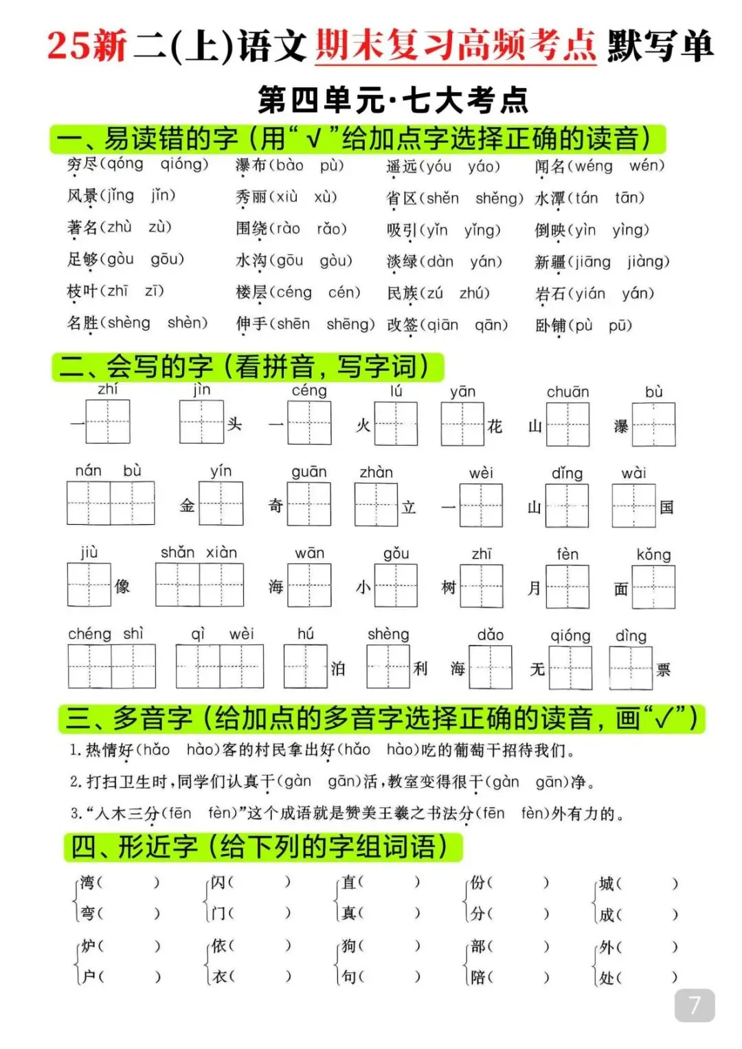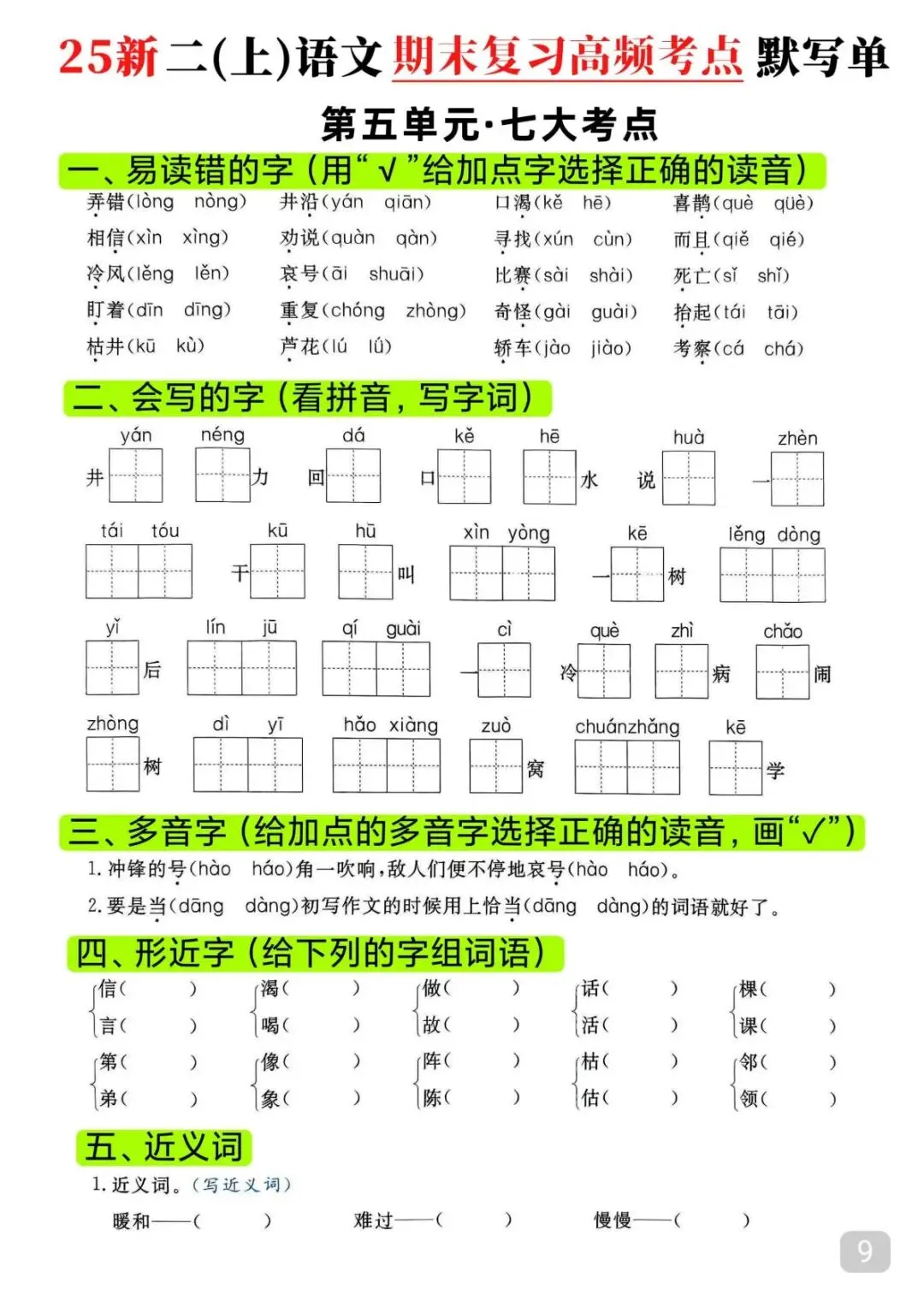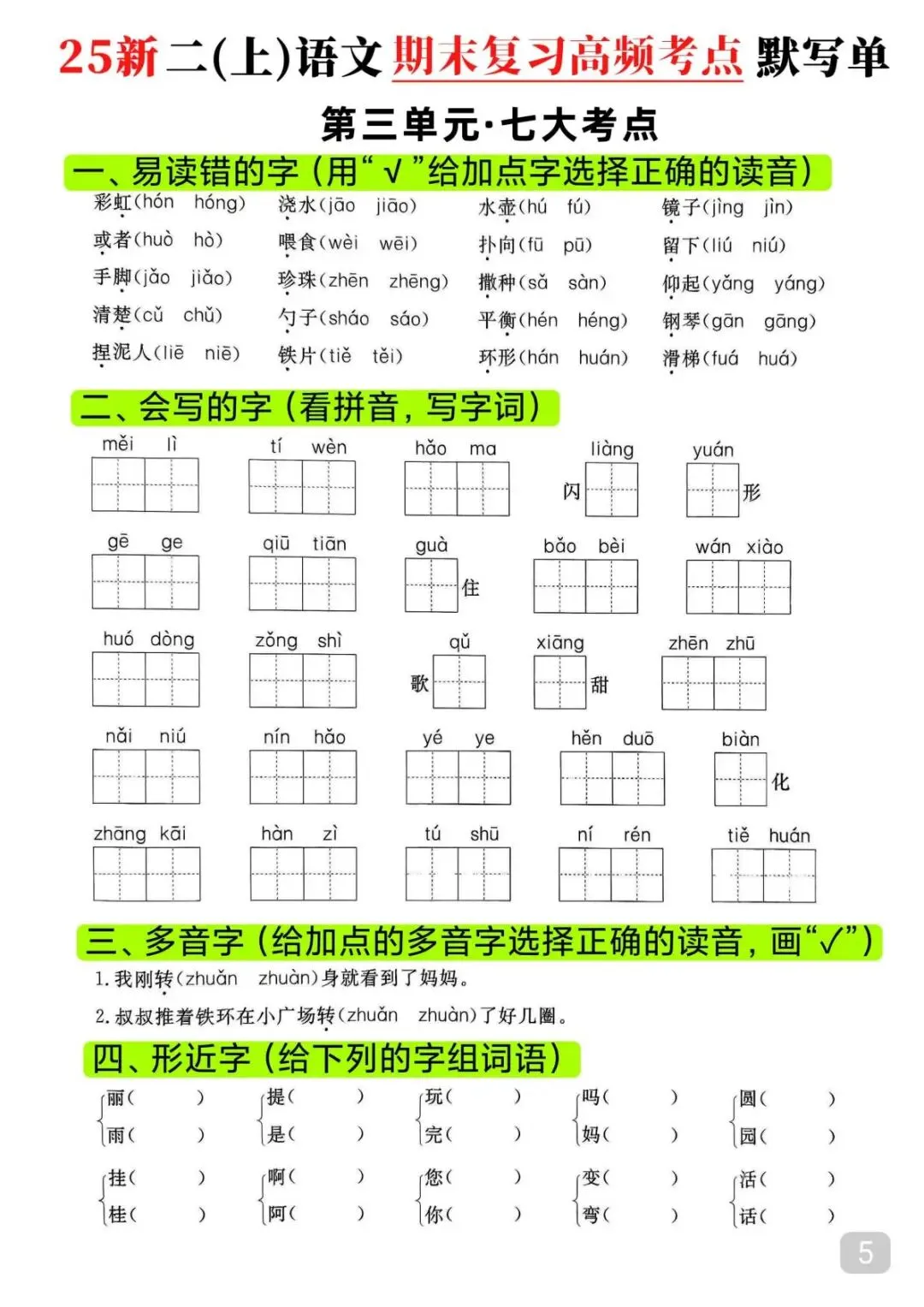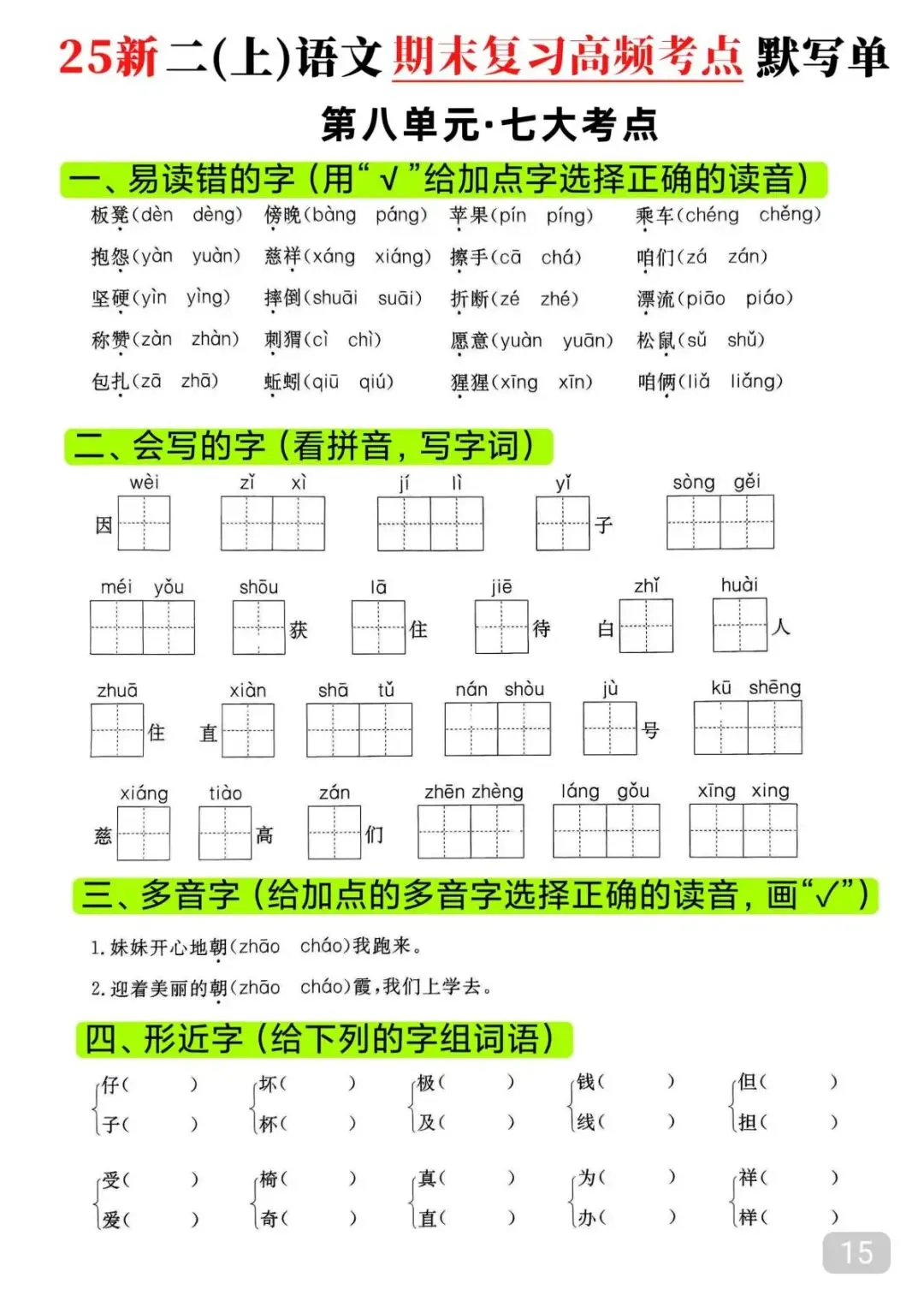 今天给大家整理了25秋|二年级上册语文期末高频考点(16页)附链接!免费分享给大家,如果觉得不错的话,可以分享给朋友或班级群,受益更多人,帮助孩子学习!
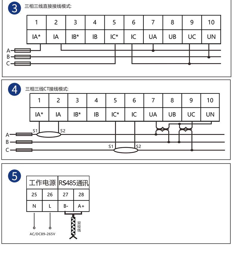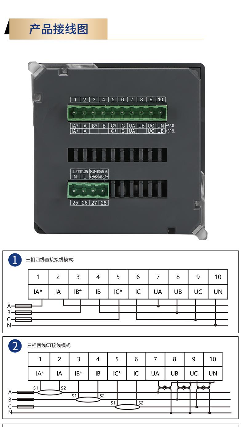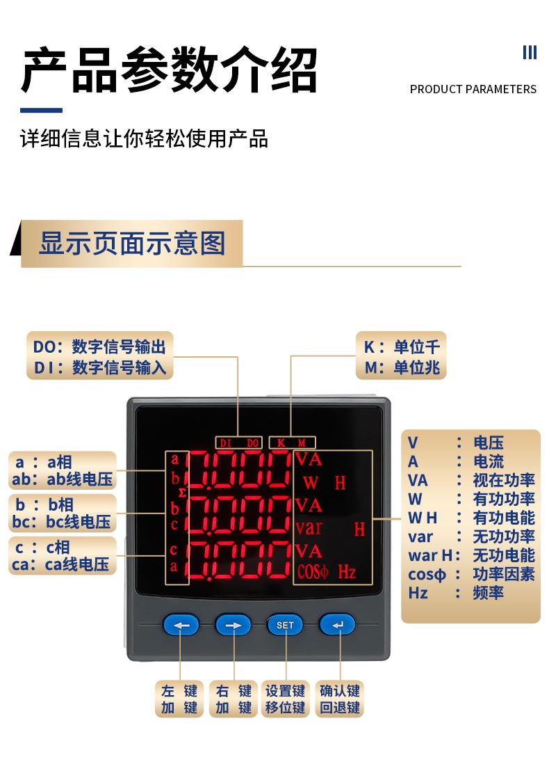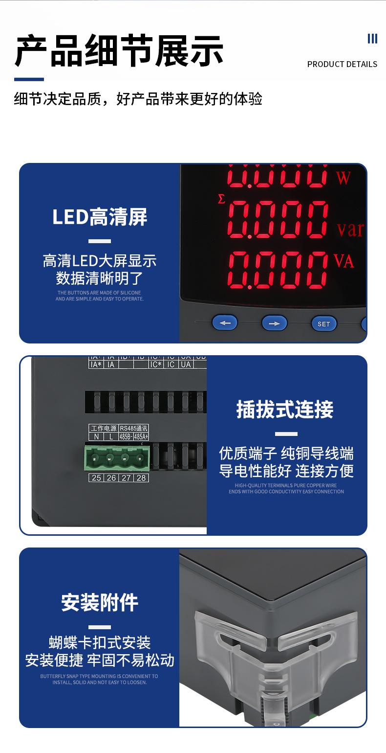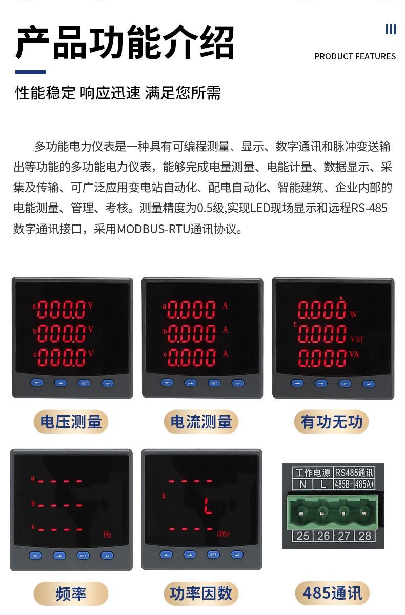 Three-phase digital ammeter: (panel 72*72 opening 67*67) supports 485 communication, Three-phase digital displ...
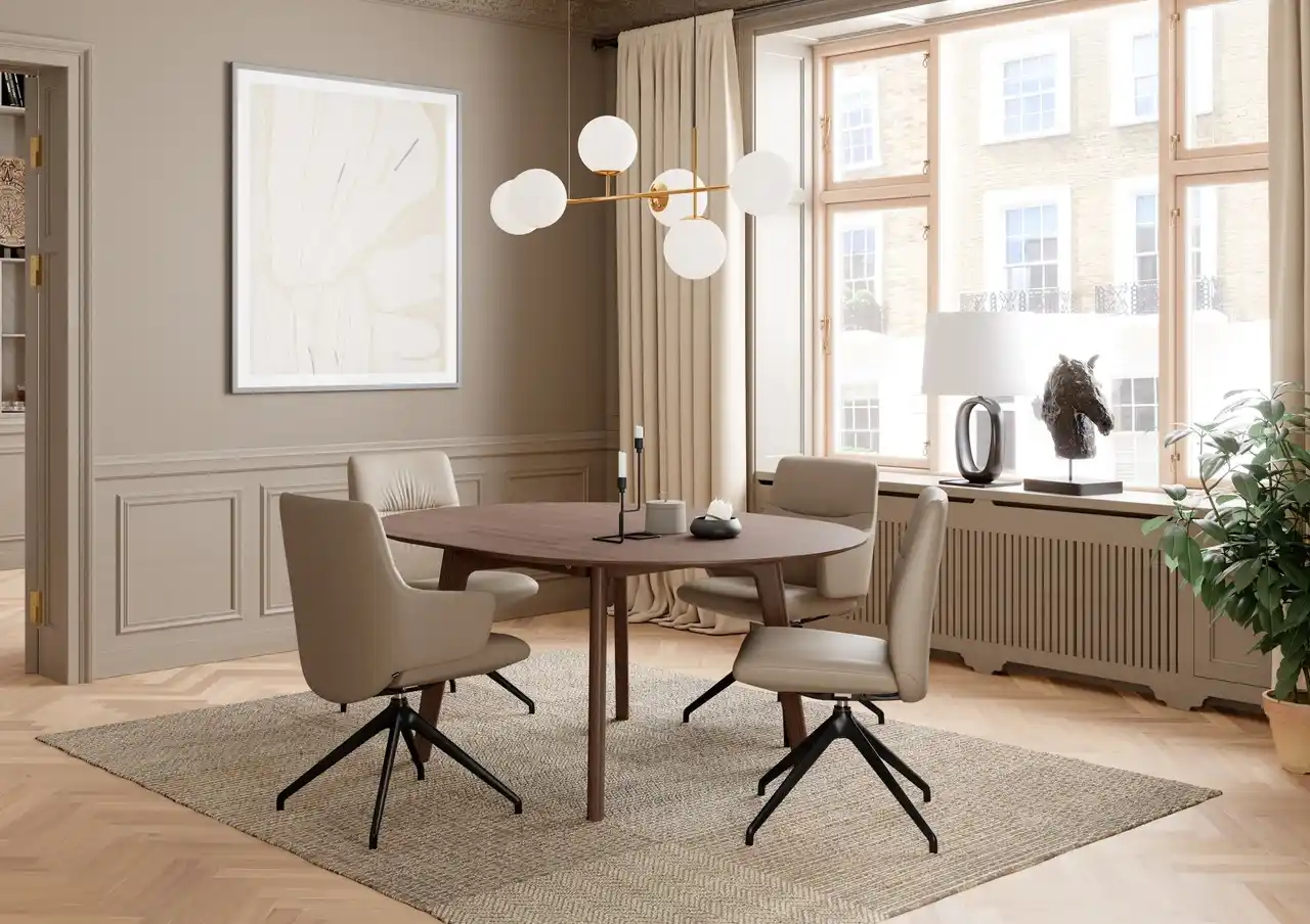 チェア:座り心地が良く360度回転式のミントD350 テーブル:伸長式でサイズを広げられるボルドー |
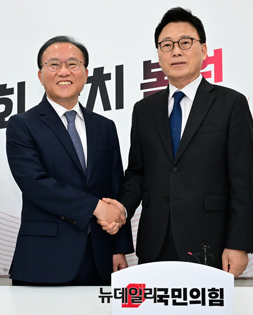 박광온 더불어민주당 원내대표가 2일 오후 국회에서 윤재옥 국민의힘 원내대표를 예방해 악수하고 있다.
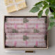 A vintage style design of moths over a pattern of pink stripes.
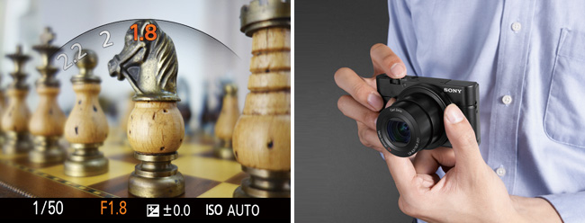 大きなイメージセンサーと、大口径の高性能レンズを小型ボディに凝縮することで、ポケットにもすっと入るほどのコンパクトさを実現しました。
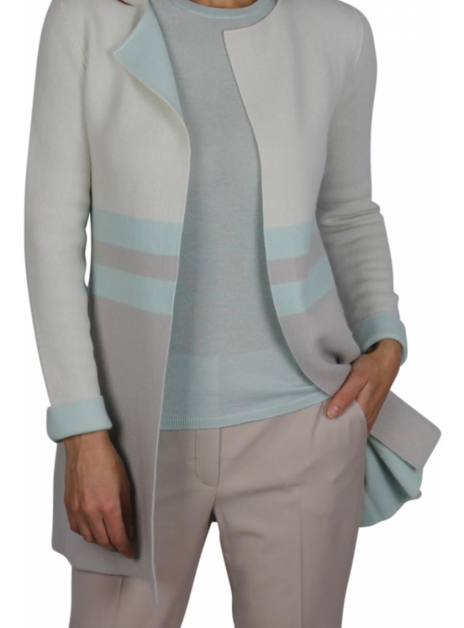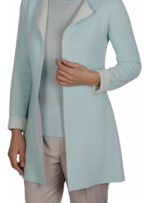 Mooi dubbelzijdig te dragen (double face) vest. De kleur is mintgroen met lichtgrijs en kiezel. Het vest heeft een groene kant (mint) en een kiezel met grijs en groene strepen. Het vest is mooi getailleerd wat aan de groene kant een bewerkte naad geeft. De halslijn is rond en loopt over in een rever. Het vest is slankvallend. Doordat het vest aan beide kanten draagbaar is kan het mooi gecombineerd worden. Altijd een stijlvolle uitstraling.

________________

Your goal: The line containing "大きなイメージセンサーと、大" marks where the copy ends; print every line before it from the start of the records, and that line too, but no pictures.

Your response:
 今天给大家整理了25秋|二年级上册语文期末高频考点(16页)附链接!免费分享给大家,如果觉得不错的话,可以分享给朋友或班级群,受益更多人,帮助孩子学习!
 Three-phase digital ammeter: (panel 72*72 opening 67*67) supports 485 communication, Three-phase digital displ...
 チェア:座り心地が良く360度回転式のミントD350 テーブル:伸長式でサイズを広げられるボルドー |
 박광온 더불어민주당 원내대표가 2일 오후 국회에서 윤재옥 국민의힘 원내대표를 예방해 악수하고 있다.
 A vintage style design of moths over a pattern of pink stripes.
 大きなイメージセンサーと、大口径の高性能レンズを小型ボディに凝縮することで、ポケットにもすっと入るほどのコンパクトさを実現しました。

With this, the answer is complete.